■ To do: Images excepted, the data below must be repeated exactly.

(Records from a collection)
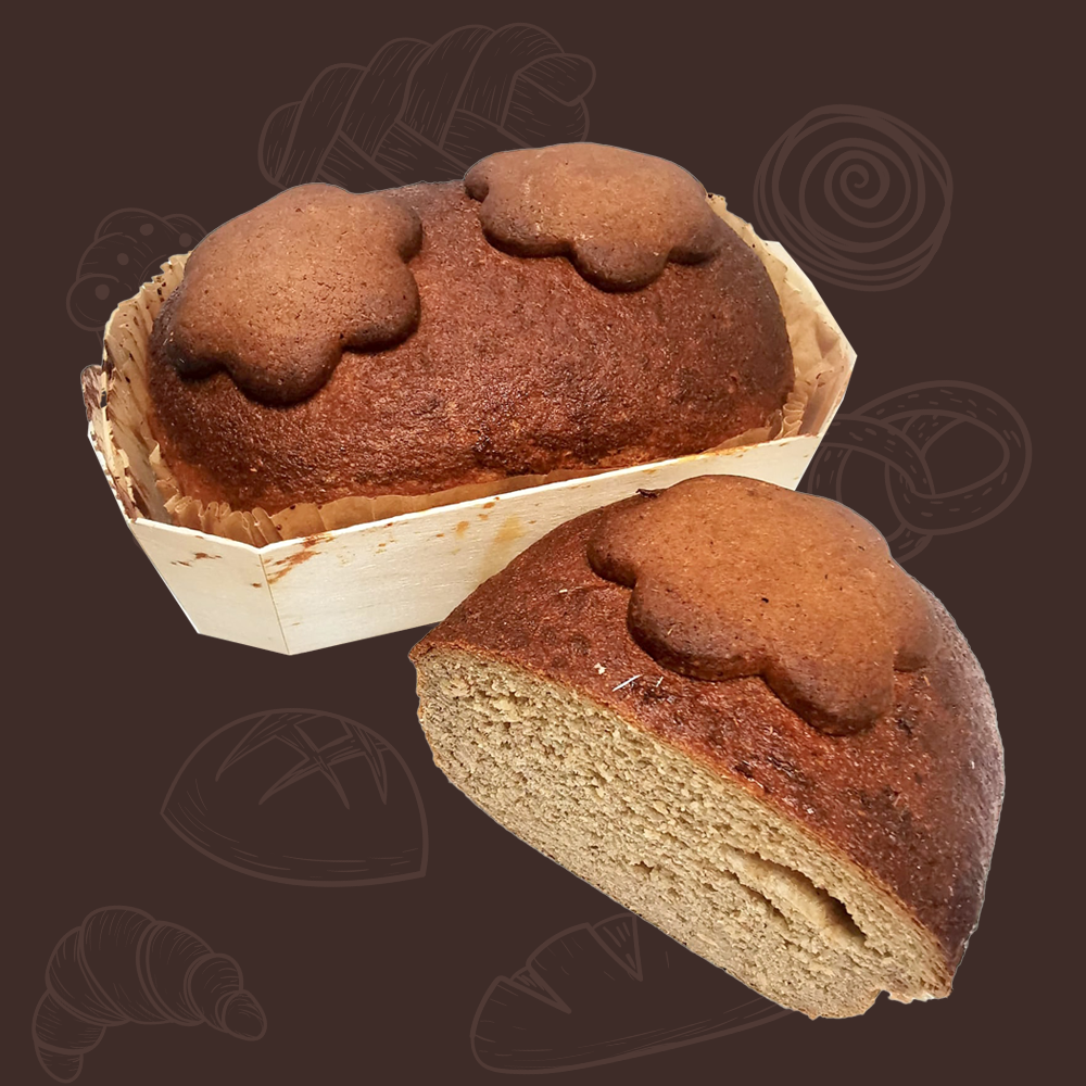 A spicy Christmas loaf decorated with Christmas gingerbread.
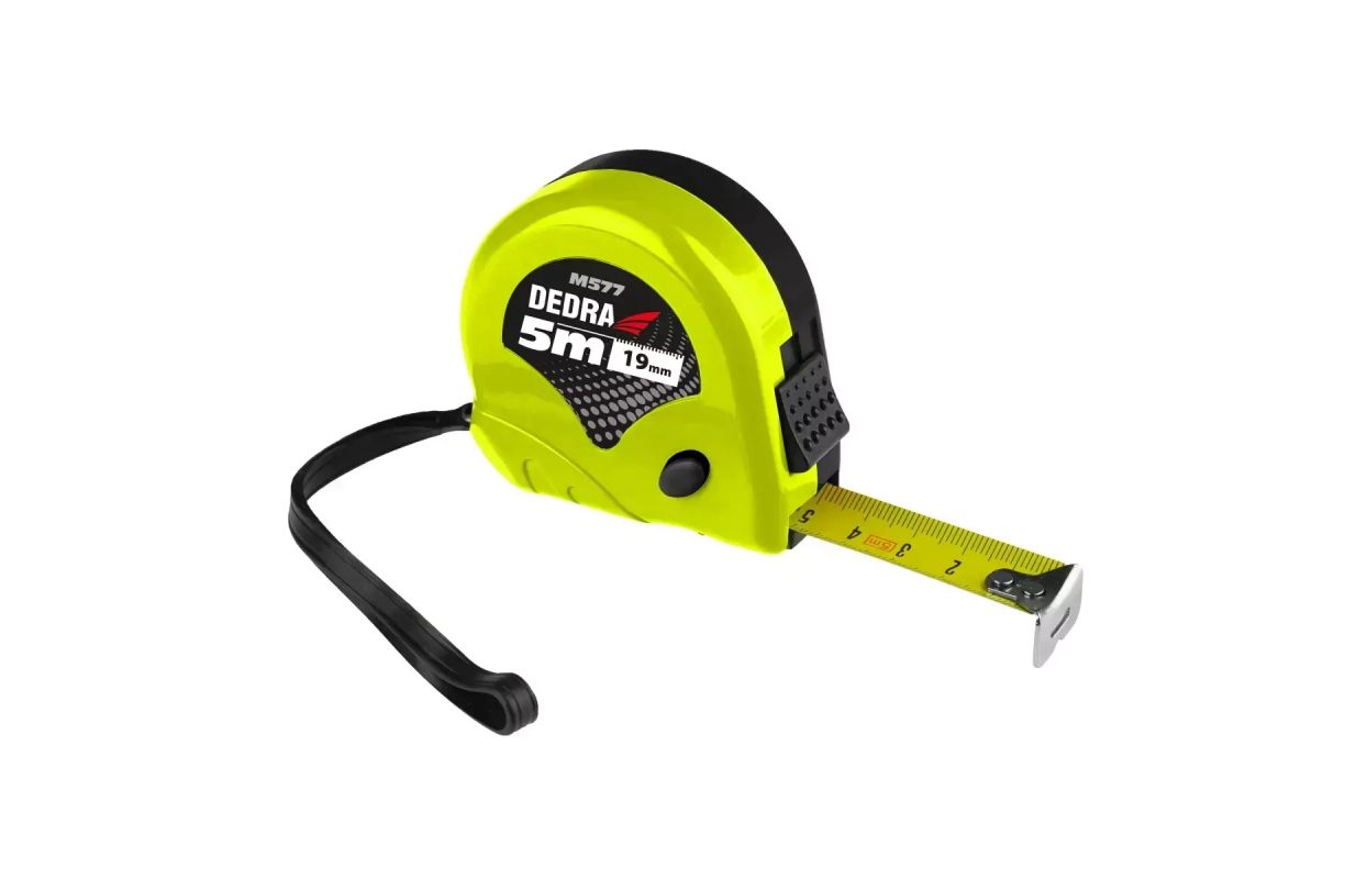 Measuring tape measure. Useful at home, in the garage or on the construction site. The housing is made of lightweight and robust plastic. The housing is equipped with a button and a practical belt clip. The measure is made of steel. The housing has two auto-locking buttons for user convenience.
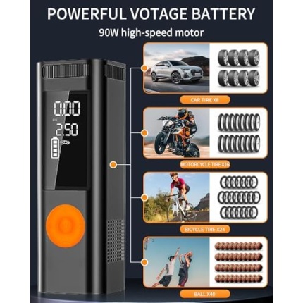Digital Display & LED Lighting: The tire inflator is equipped with a large high-precision and high-brightness display to help you check the tyre pressure and preset the tyre presure values. The air compressor gauge can display the pressure in PSI, BAR & KG/CM². Air pump is equipped with bright and long-lasting LED lights, easy to use even in the dark.
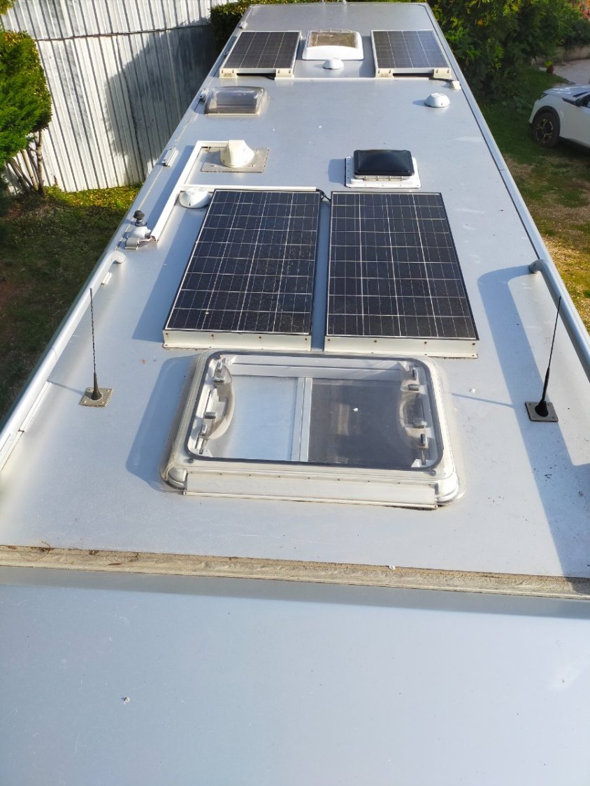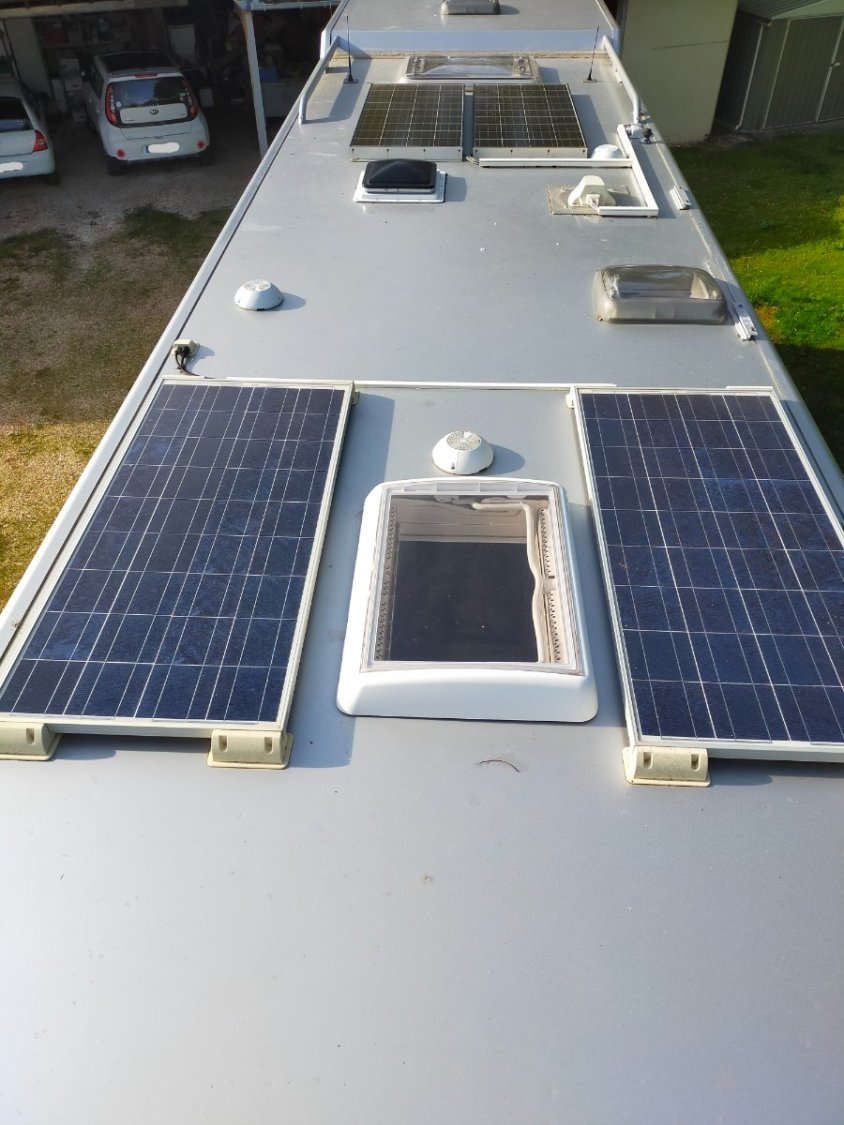 Batteries gel de 220 Ah, nombre 3 soit 660 Ah, 2 inverseurs 12 V/230 V Victron Énergie, 4 panneaux solaires
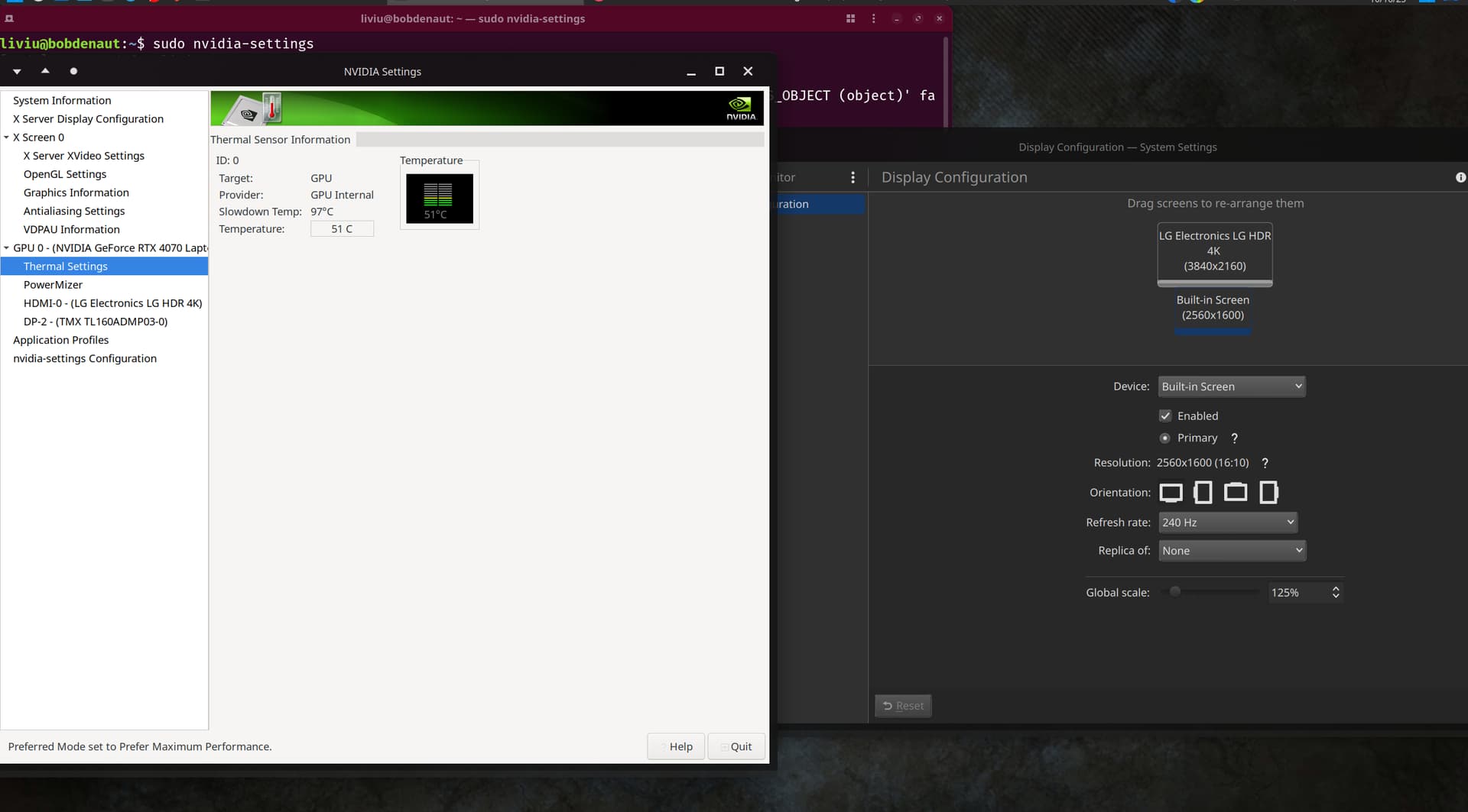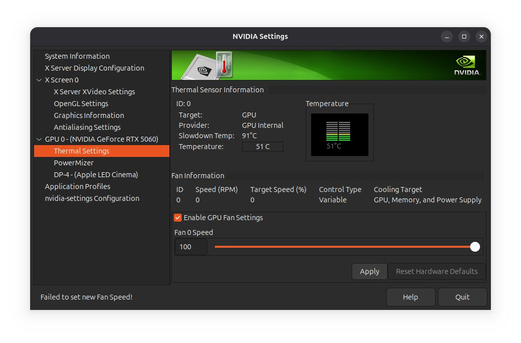 sudo nvidia-settingson a terminal and change your fan speed if you want (Please note the rebooting will reset the fan speed) -
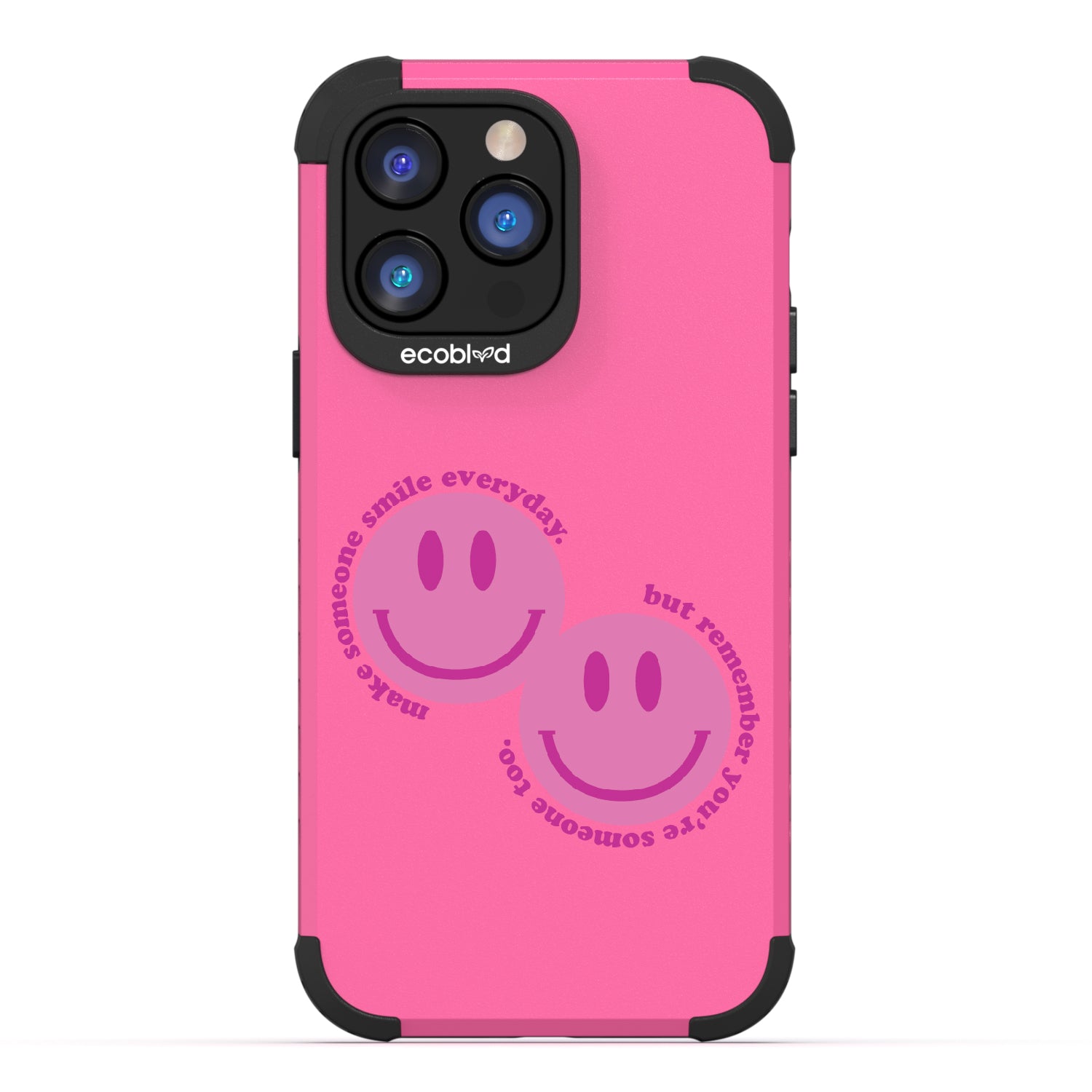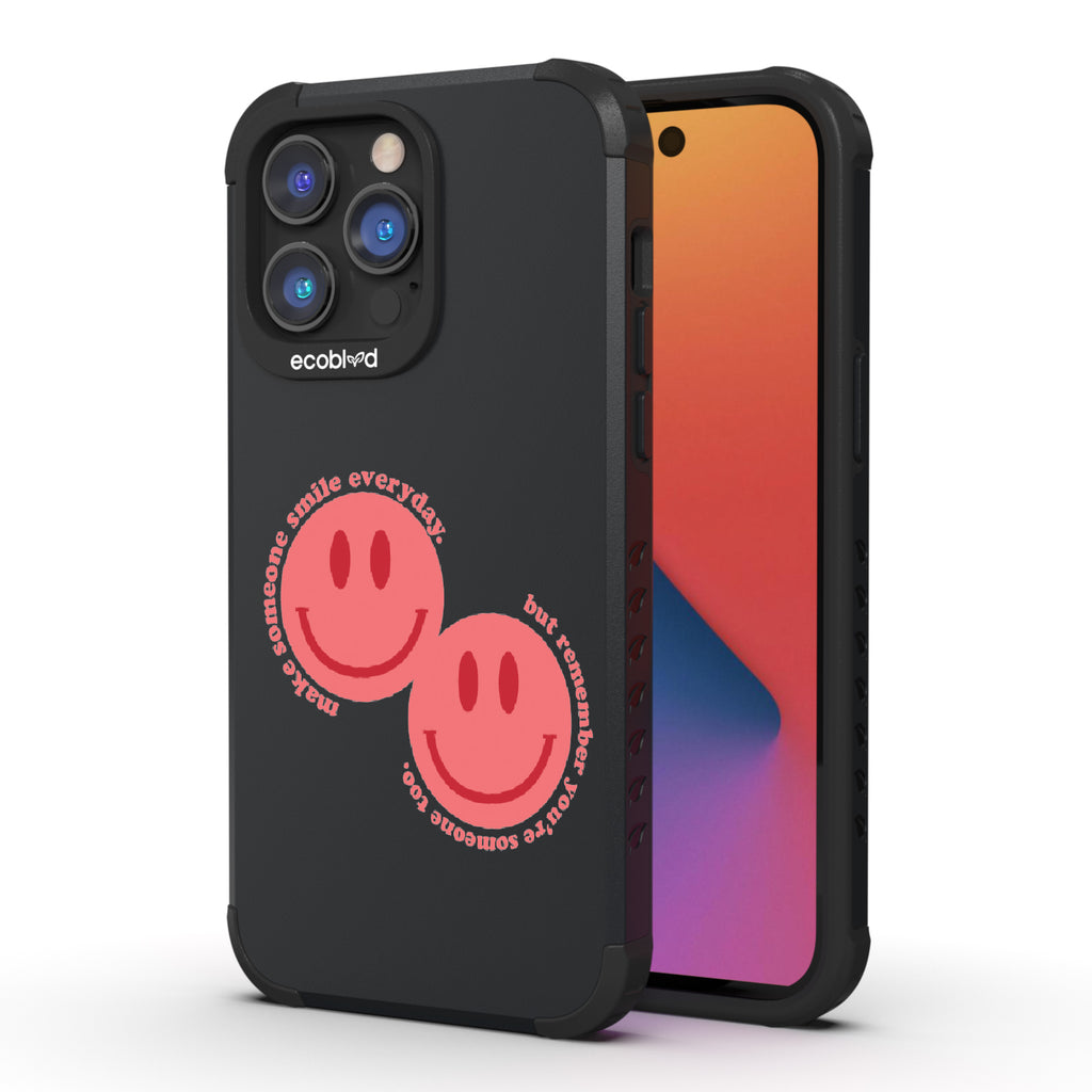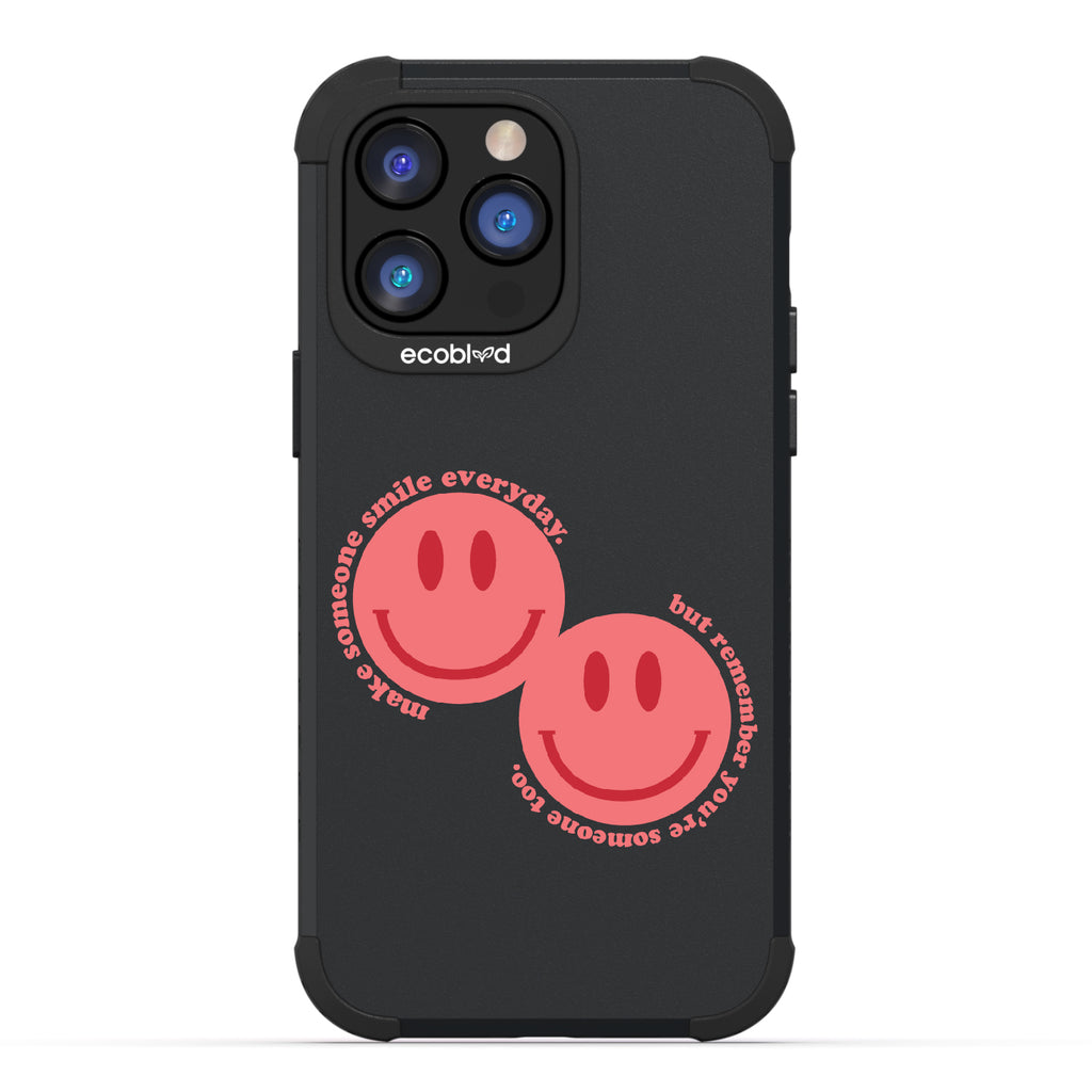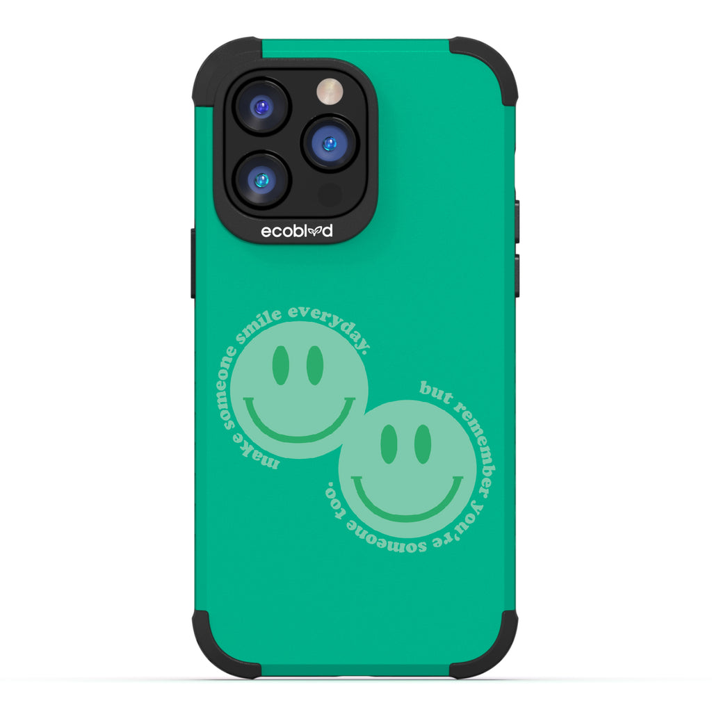 Spread happiness with the Make Someone Smile design on our Mojave rugged and compostable iPhone 14 Pro Max case. Featuring two cheerful smiley faces, this design prompts you to be a source of joy for others. While you make someone else smile, recognize that you too are deserving of moments filled with happiness.

■ Response below:
 A spicy Christmas loaf decorated with Christmas gingerbread.
 Measuring tape measure. Useful at home, in the garage or on the construction site. The housing is made of lightweight and robust plastic. The housing is equipped with a button and a practical belt clip. The measure is made of steel. The housing has two auto-locking buttons for user convenience.
Digital Display & LED Lighting: The tire inflator is equipped with a large high-precision and high-brightness display to help you check the tyre pressure and preset the tyre presure values. The air compressor gauge can display the pressure in PSI, BAR & KG/CM². Air pump is equipped with bright and long-lasting LED lights, easy to use even in the dark.
 Batteries gel de 220 Ah, nombre 3 soit 660 Ah, 2 inverseurs 12 V/230 V Victron Énergie, 4 panneaux solaires
 sudo nvidia-settingson a terminal and change your fan speed if you want (Please note the rebooting will reset the fan speed) -
 Spread happiness with the Make Someone Smile design on our Mojave rugged and compostable iPhone 14 Pro Max case. Featuring two cheerful smiley faces, this design prompts you to be a source of joy for others. While you make someone else smile, recognize that you too are deserving of moments filled with happiness.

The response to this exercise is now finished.